• **COLLECTED MATERIAL**:
━━━━

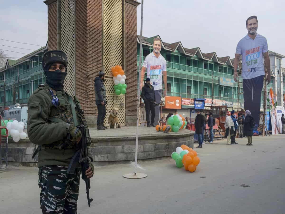 Srinagar: Congress leader Rahul Gandhi on Sunday unfurled the national flag at the historic clock tower of Lal Chowk here as part of the ‘Bharat Jodo Yatra’, amid stringent security measures usually reserved for a prime ministerial visit.
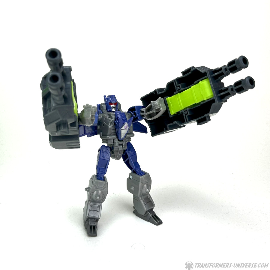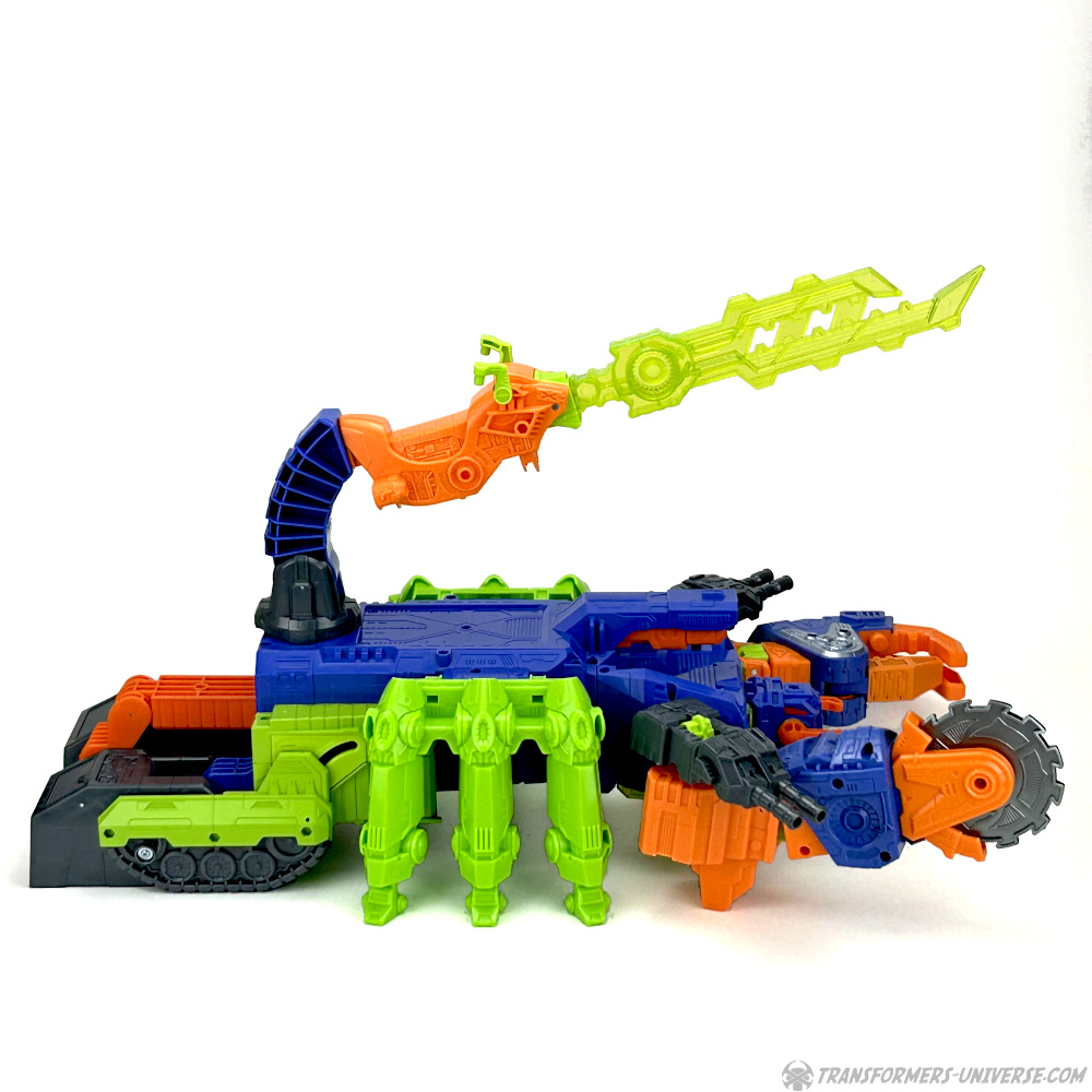 Alternate Mode: Cyberworld Scorponok might well be the biggest 1-Step Changer ever made, because his transformation is really just one step. Grab the handle on his back, press down on the grip, and tip him forward until he lies on his stomach. You’re done. Okay, you need to raise his arms above his head, but that’s really it now. He is now a scorpion, more or less. But let’s be honest, the original Scorponok’s transformation was barely any more complicated. Cyberworld Scorponok skips the city mode, though.
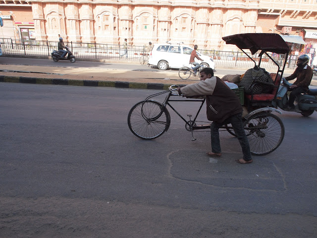 出門先到車站買車票,明天一早得前往Agra。我發現Jaipur這裡很奇怪的是,街上看不到代買車票的店家;第二個不同的是,街上多了很多人力三輪車,之前的城市看到的幾乎都是機動三輪車。

━━━━

• **EXERCISE**: Give the data above again, exactly and completely. No pictures go in.

• **TASK SOLUTION**:
 Srinagar: Congress leader Rahul Gandhi on Sunday unfurled the national flag at the historic clock tower of Lal Chowk here as part of the ‘Bharat Jodo Yatra’, amid stringent security measures usually reserved for a prime ministerial visit.
 Alternate Mode: Cyberworld Scorponok might well be the biggest 1-Step Changer ever made, because his transformation is really just one step. Grab the handle on his back, press down on the grip, and tip him forward until he lies on his stomach. You’re done. Okay, you need to raise his arms above his head, but that’s really it now. He is now a scorpion, more or less. But let’s be honest, the original Scorponok’s transformation was barely any more complicated. Cyberworld Scorponok skips the city mode, though.
 出門先到車站買車票,明天一早得前往Agra。我發現Jaipur這裡很奇怪的是,街上看不到代買車票的店家;第二個不同的是,街上多了很多人力三輪車,之前的城市看到的幾乎都是機動三輪車。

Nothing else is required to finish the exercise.